WHAT NEEDS TO BE DONE:
The records, repeated exactly and in full, are the expected answer.

DATA IN THIS EXERCISE:
<<<<

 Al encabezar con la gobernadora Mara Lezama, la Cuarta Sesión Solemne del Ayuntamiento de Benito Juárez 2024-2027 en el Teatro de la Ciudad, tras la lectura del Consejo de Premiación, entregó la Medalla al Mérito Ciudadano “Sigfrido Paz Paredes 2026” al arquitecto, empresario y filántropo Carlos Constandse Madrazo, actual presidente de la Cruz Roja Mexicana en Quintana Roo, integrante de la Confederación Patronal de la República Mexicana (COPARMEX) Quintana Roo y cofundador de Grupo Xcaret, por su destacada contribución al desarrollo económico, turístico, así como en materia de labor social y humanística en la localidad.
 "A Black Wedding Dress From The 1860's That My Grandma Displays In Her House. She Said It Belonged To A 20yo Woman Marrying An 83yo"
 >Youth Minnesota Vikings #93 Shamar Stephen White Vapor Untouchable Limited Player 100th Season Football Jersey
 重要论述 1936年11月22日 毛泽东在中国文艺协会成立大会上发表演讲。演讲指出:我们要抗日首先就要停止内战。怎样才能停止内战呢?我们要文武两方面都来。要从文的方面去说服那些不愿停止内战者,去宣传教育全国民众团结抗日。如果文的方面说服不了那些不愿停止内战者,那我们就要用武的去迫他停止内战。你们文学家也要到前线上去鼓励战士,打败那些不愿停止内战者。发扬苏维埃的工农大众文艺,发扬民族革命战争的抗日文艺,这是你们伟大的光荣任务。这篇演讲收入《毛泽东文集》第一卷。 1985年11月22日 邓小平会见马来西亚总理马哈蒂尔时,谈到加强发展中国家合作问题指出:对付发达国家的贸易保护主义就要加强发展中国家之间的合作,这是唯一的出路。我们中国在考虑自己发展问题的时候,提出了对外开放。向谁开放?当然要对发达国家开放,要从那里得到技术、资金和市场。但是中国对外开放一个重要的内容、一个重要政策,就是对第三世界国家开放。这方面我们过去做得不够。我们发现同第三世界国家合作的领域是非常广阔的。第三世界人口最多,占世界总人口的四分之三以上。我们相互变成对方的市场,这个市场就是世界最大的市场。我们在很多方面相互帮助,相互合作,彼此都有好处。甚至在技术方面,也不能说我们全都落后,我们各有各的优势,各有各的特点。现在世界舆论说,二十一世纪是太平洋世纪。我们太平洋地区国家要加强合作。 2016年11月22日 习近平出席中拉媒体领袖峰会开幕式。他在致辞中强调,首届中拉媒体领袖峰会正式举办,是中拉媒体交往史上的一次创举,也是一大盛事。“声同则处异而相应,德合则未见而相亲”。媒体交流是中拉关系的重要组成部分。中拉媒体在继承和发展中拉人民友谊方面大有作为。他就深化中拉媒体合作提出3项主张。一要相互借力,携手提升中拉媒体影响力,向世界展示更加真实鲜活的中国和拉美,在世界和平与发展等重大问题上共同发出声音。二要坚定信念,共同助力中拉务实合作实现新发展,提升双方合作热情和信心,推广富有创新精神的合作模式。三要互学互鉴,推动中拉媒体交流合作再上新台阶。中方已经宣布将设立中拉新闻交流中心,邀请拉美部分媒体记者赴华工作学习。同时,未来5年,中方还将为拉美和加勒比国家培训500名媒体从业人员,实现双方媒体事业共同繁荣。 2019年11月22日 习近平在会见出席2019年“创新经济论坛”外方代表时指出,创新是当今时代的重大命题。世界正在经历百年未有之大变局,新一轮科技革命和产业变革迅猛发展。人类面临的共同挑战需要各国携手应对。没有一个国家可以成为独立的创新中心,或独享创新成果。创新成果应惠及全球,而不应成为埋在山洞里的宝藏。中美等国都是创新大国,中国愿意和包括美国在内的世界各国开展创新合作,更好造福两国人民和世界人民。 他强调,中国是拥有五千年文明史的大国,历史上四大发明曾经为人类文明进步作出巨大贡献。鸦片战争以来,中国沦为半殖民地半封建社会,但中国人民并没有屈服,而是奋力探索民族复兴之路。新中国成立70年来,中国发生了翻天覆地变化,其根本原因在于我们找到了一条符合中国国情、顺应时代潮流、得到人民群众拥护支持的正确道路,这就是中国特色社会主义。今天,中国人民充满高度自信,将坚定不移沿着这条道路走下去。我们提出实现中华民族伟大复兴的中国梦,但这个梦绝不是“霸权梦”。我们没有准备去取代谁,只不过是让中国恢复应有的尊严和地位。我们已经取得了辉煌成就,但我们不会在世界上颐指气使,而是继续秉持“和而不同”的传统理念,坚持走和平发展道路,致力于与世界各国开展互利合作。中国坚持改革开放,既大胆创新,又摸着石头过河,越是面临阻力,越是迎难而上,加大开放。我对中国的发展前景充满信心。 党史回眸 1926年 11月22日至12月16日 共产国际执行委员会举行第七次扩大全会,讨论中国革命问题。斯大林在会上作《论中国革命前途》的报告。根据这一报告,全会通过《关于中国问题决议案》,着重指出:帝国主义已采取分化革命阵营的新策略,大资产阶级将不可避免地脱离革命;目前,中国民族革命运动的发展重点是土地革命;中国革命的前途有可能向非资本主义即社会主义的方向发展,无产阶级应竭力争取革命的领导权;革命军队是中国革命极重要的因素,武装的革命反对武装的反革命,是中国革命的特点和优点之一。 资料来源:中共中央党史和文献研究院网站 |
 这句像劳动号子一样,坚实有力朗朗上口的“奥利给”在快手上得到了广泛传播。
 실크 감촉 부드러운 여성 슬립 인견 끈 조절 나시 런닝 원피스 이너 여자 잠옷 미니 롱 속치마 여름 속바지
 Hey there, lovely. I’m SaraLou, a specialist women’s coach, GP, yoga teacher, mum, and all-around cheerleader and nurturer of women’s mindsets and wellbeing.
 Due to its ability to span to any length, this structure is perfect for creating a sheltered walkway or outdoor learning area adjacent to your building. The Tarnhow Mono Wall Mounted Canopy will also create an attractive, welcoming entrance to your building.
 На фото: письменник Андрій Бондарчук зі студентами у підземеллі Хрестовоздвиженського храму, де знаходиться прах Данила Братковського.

>>>>

EXERCISE SOLUTION:
 Al encabezar con la gobernadora Mara Lezama, la Cuarta Sesión Solemne del Ayuntamiento de Benito Juárez 2024-2027 en el Teatro de la Ciudad, tras la lectura del Consejo de Premiación, entregó la Medalla al Mérito Ciudadano “Sigfrido Paz Paredes 2026” al arquitecto, empresario y filántropo Carlos Constandse Madrazo, actual presidente de la Cruz Roja Mexicana en Quintana Roo, integrante de la Confederación Patronal de la República Mexicana (COPARMEX) Quintana Roo y cofundador de Grupo Xcaret, por su destacada contribución al desarrollo económico, turístico, así como en materia de labor social y humanística en la localidad.
 "A Black Wedding Dress From The 1860's That My Grandma Displays In Her House. She Said It Belonged To A 20yo Woman Marrying An 83yo"
 >Youth Minnesota Vikings #93 Shamar Stephen White Vapor Untouchable Limited Player 100th Season Football Jersey
 重要论述 1936年11月22日 毛泽东在中国文艺协会成立大会上发表演讲。演讲指出:我们要抗日首先就要停止内战。怎样才能停止内战呢?我们要文武两方面都来。要从文的方面去说服那些不愿停止内战者,去宣传教育全国民众团结抗日。如果文的方面说服不了那些不愿停止内战者,那我们就要用武的去迫他停止内战。你们文学家也要到前线上去鼓励战士,打败那些不愿停止内战者。发扬苏维埃的工农大众文艺,发扬民族革命战争的抗日文艺,这是你们伟大的光荣任务。这篇演讲收入《毛泽东文集》第一卷。 1985年11月22日 邓小平会见马来西亚总理马哈蒂尔时,谈到加强发展中国家合作问题指出:对付发达国家的贸易保护主义就要加强发展中国家之间的合作,这是唯一的出路。我们中国在考虑自己发展问题的时候,提出了对外开放。向谁开放?当然要对发达国家开放,要从那里得到技术、资金和市场。但是中国对外开放一个重要的内容、一个重要政策,就是对第三世界国家开放。这方面我们过去做得不够。我们发现同第三世界国家合作的领域是非常广阔的。第三世界人口最多,占世界总人口的四分之三以上。我们相互变成对方的市场,这个市场就是世界最大的市场。我们在很多方面相互帮助,相互合作,彼此都有好处。甚至在技术方面,也不能说我们全都落后,我们各有各的优势,各有各的特点。现在世界舆论说,二十一世纪是太平洋世纪。我们太平洋地区国家要加强合作。 2016年11月22日 习近平出席中拉媒体领袖峰会开幕式。他在致辞中强调,首届中拉媒体领袖峰会正式举办,是中拉媒体交往史上的一次创举,也是一大盛事。“声同则处异而相应,德合则未见而相亲”。媒体交流是中拉关系的重要组成部分。中拉媒体在继承和发展中拉人民友谊方面大有作为。他就深化中拉媒体合作提出3项主张。一要相互借力,携手提升中拉媒体影响力,向世界展示更加真实鲜活的中国和拉美,在世界和平与发展等重大问题上共同发出声音。二要坚定信念,共同助力中拉务实合作实现新发展,提升双方合作热情和信心,推广富有创新精神的合作模式。三要互学互鉴,推动中拉媒体交流合作再上新台阶。中方已经宣布将设立中拉新闻交流中心,邀请拉美部分媒体记者赴华工作学习。同时,未来5年,中方还将为拉美和加勒比国家培训500名媒体从业人员,实现双方媒体事业共同繁荣。 2019年11月22日 习近平在会见出席2019年“创新经济论坛”外方代表时指出,创新是当今时代的重大命题。世界正在经历百年未有之大变局,新一轮科技革命和产业变革迅猛发展。人类面临的共同挑战需要各国携手应对。没有一个国家可以成为独立的创新中心,或独享创新成果。创新成果应惠及全球,而不应成为埋在山洞里的宝藏。中美等国都是创新大国,中国愿意和包括美国在内的世界各国开展创新合作,更好造福两国人民和世界人民。 他强调,中国是拥有五千年文明史的大国,历史上四大发明曾经为人类文明进步作出巨大贡献。鸦片战争以来,中国沦为半殖民地半封建社会,但中国人民并没有屈服,而是奋力探索民族复兴之路。新中国成立70年来,中国发生了翻天覆地变化,其根本原因在于我们找到了一条符合中国国情、顺应时代潮流、得到人民群众拥护支持的正确道路,这就是中国特色社会主义。今天,中国人民充满高度自信,将坚定不移沿着这条道路走下去。我们提出实现中华民族伟大复兴的中国梦,但这个梦绝不是“霸权梦”。我们没有准备去取代谁,只不过是让中国恢复应有的尊严和地位。我们已经取得了辉煌成就,但我们不会在世界上颐指气使,而是继续秉持“和而不同”的传统理念,坚持走和平发展道路,致力于与世界各国开展互利合作。中国坚持改革开放,既大胆创新,又摸着石头过河,越是面临阻力,越是迎难而上,加大开放。我对中国的发展前景充满信心。 党史回眸 1926年 11月22日至12月16日 共产国际执行委员会举行第七次扩大全会,讨论中国革命问题。斯大林在会上作《论中国革命前途》的报告。根据这一报告,全会通过《关于中国问题决议案》,着重指出:帝国主义已采取分化革命阵营的新策略,大资产阶级将不可避免地脱离革命;目前,中国民族革命运动的发展重点是土地革命;中国革命的前途有可能向非资本主义即社会主义的方向发展,无产阶级应竭力争取革命的领导权;革命军队是中国革命极重要的因素,武装的革命反对武装的反革命,是中国革命的特点和优点之一。 资料来源:中共中央党史和文献研究院网站 |
 这句像劳动号子一样,坚实有力朗朗上口的“奥利给”在快手上得到了广泛传播。
 실크 감촉 부드러운 여성 슬립 인견 끈 조절 나시 런닝 원피스 이너 여자 잠옷 미니 롱 속치마 여름 속바지
 Hey there, lovely. I’m SaraLou, a specialist women’s coach, GP, yoga teacher, mum, and all-around cheerleader and nurturer of women’s mindsets and wellbeing.
 Due to its ability to span to any length, this structure is perfect for creating a sheltered walkway or outdoor learning area adjacent to your building. The Tarnhow Mono Wall Mounted Canopy will also create an attractive, welcoming entrance to your building.
 На фото: письменник Андрій Бондарчук зі студентами у підземеллі Хрестовоздвиженського храму, де знаходиться прах Данила Братковського.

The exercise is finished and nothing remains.